И еще одно сразу же привлекло внимание Черноярова к Дробышеву. Из рассказов тех, кто раньше служил в пулеметной роте, Чернояров знал, что был во взводе Дробышева злой, язвительный солдат Чалый, который буквально изводил молоденького лейтенанта насмешками, каверзными вопросами и оскорбительным недоверием. Узнав, что Дробышев и Чалый вернулись из госпиталя, Чернояров решил Чалого определить в другой взвод. Но к его удивлению, Дробышев с яростной настойчивостью потребовал, чтобы Чалого оставили в его взводе и не наводчиком пулемета, кем он был раньше, а назначили командиром расчета с присвоением ему звания сержанта. Он с юношеским жаром доказывал, что Чалый и пулеметчик прекрасный, и человек замечательный, что, став командиром, он сделает свой расчет лучшим и не дрогнет в самом тяжелом бою. Под напором Дробышева Чернояров впервые в своей командирской деятельности отказался от своего прежнего решения и сделал так, как просил подчиненный. И теперь он нисколько не раскаивался в этом. Чалый действительно толково командовал своими пулеметчиками и, хоть серьезных боев еще не было, всегда держался как многоопытный фронтовик.

— Значит, все роет и роет, — зная, что Дробышев устал и задерживать его нехорошо, но внутренне не желая отпускать его, проговорил Чернояров. — Ну что же, и мы не меньше копаем, а, пожалуй, и побольше. Что это у вас? — увидев в руке Дробышева толстую книгу, спросил он.
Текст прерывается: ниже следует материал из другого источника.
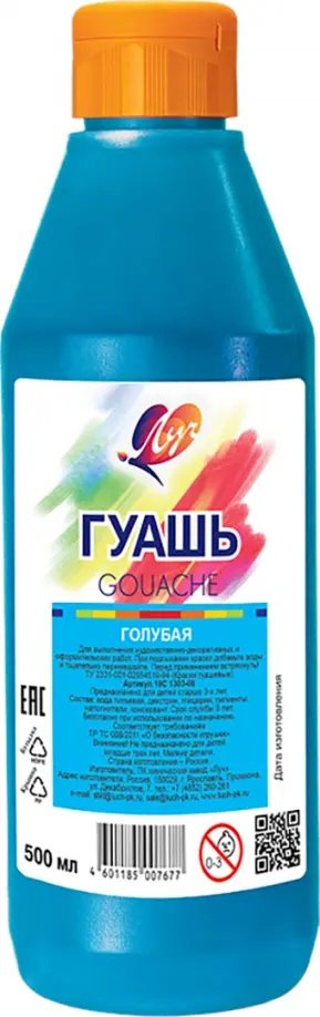 Гуашь легко смывается с рук и одежды. Не имеет неприятного запаха.
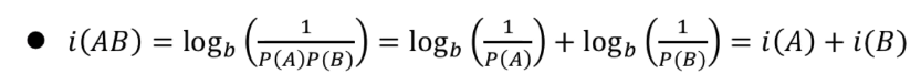 두 사건 A, B가 동시에 일어났을 때의 자기정보 : \(i(AB)\)
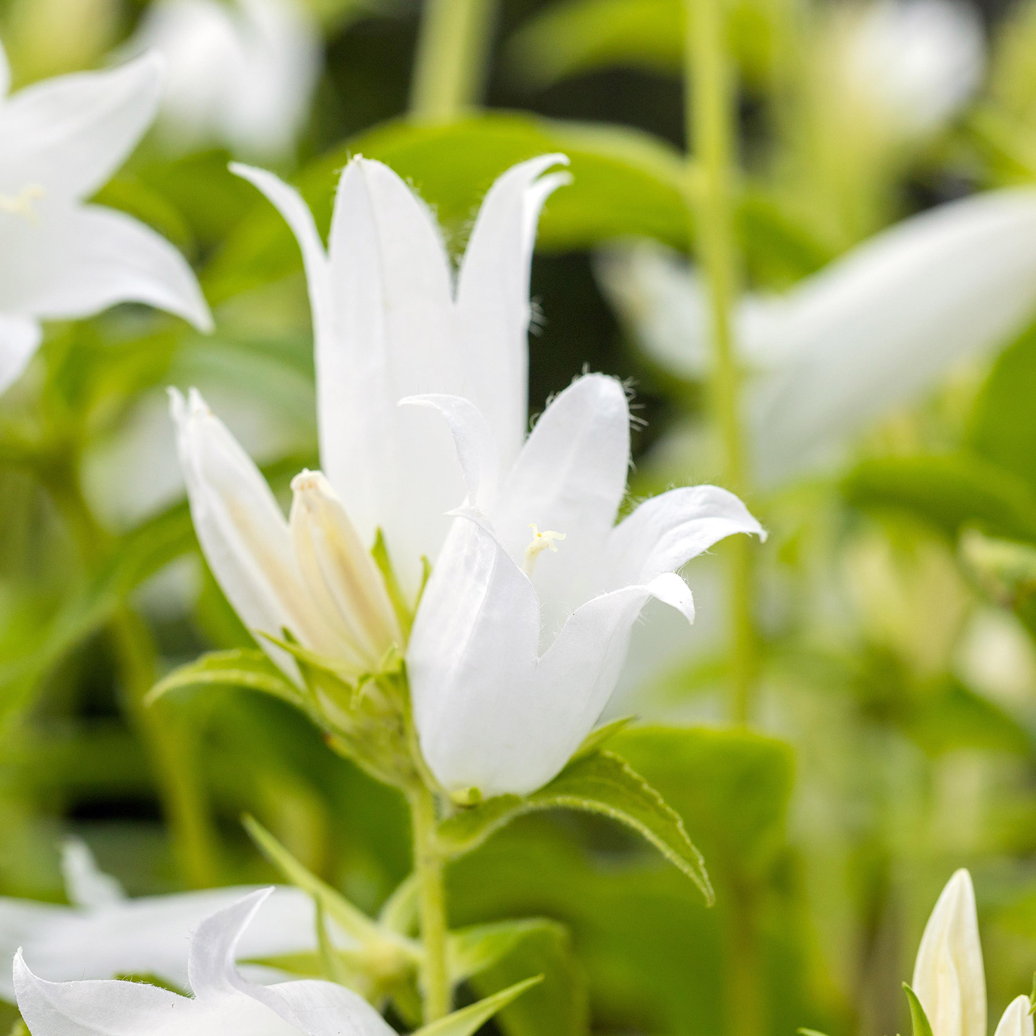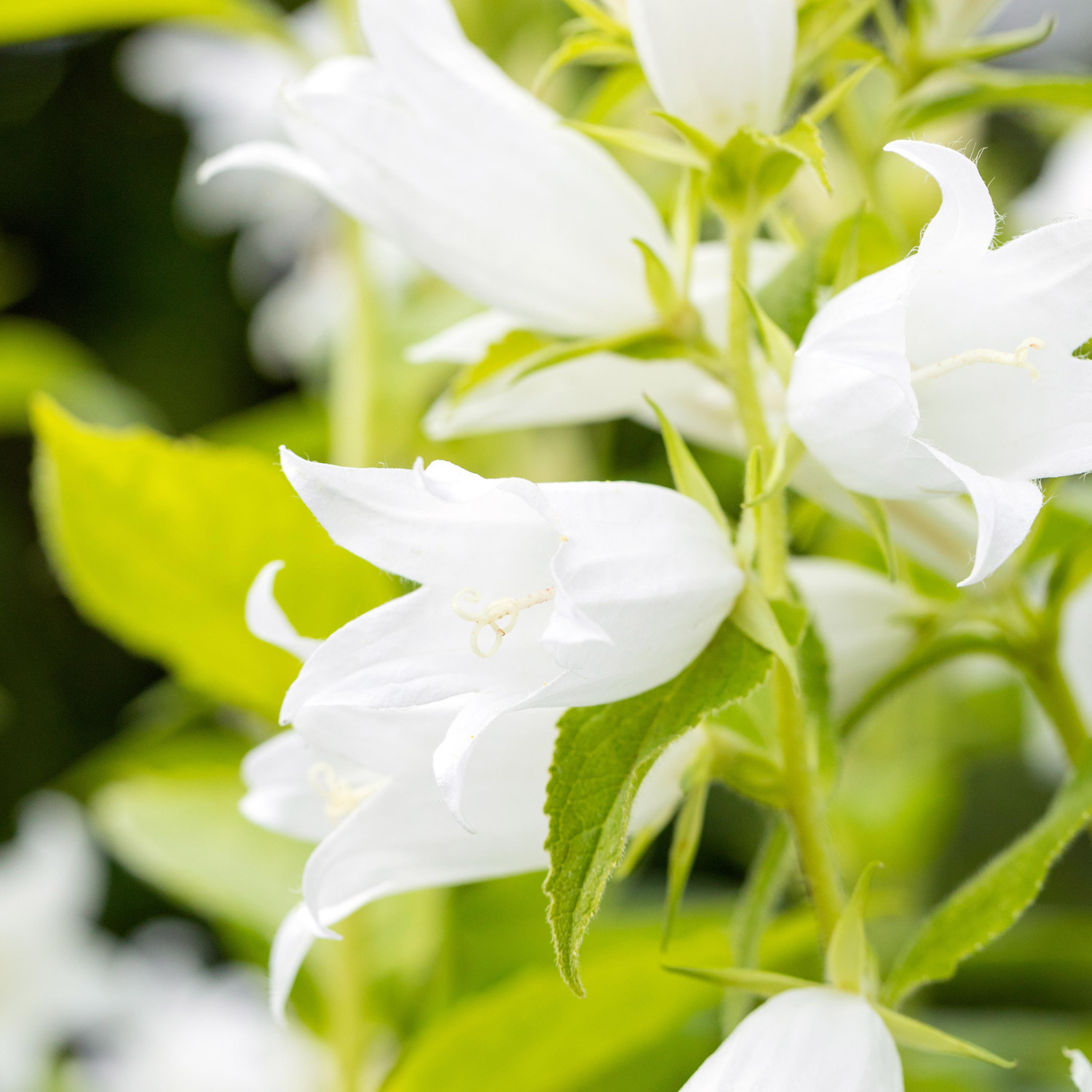 Schnell erhebt sie sich unter den richtigen Bedingungen bis zu einer Höhe von 1,20 m und wiegt sich munter vor Waldrändern, Holzzäunen, zwischen Gemüsebeeten, im Vorgarten oder direkt in Sitzplatz-Nähe. Die Wald-Glockenblume weiß kommt mit lichtem Schatten sehr gut zurecht und liebt frische und humose Böden. Auch lehmig-sandige Böden werden toleriert. Mit Gärtner-Glück beginnt die Blüte im Juni und dauert teilweise bis in den August hinein. Die aufrechten Blütentriebe streben den ganzen Sommer über munter in die Höhe und bilden einen wahren Glockenreigen, der auch zahlreiche nützliche Insekten, vor allem Bienen und Hummeln, anlockt. Die mittelgrünen Blätter sind lanzettlich und verstärken in ihrer Anordnung den aufrechten Charakter dieser wunderschönen Staude.
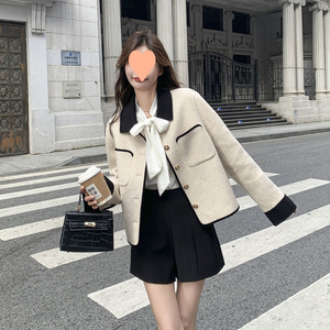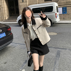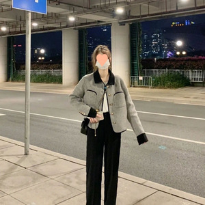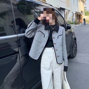 ショート丈のグレーのジャケット、女性用、秋冬、レトロ、高級感、個性的なデザイン、長袖トップス、通勤用

— Томик Куприна достал в первом батальоне. Замечательная вещь! — воскликнул Дробышев. — Я давно мечтал прочитать, да как-то не попадалось больших сборников, все брошюрки тоненькие. А тут смотрите: и «Поединок», и «Гранатовый браслет», и «Олеся», и рассказов штук пятьдесят. Хотите почитать, товарищ старший лейтенант, я еще «Войну и мир» не дочитал.

— Да некогда читать-то, — смущенно пробормотал Чернояров, вспомнив, что уже много лет, кроме уставов, наставлений и различных пособий, никаких книг не читал. — Дела все, работа.

— Да в перерывах, знаете, затишье когда. А у нас теперь все время затишье, бои-то неизвестно когда начнутся, — пылко убеждал Дробышев. — В этой книге такие вещи, такие вещи… Только читать начнете, не оторветесь. Просто дух захватывает, как будто на крыльях взлетаешь.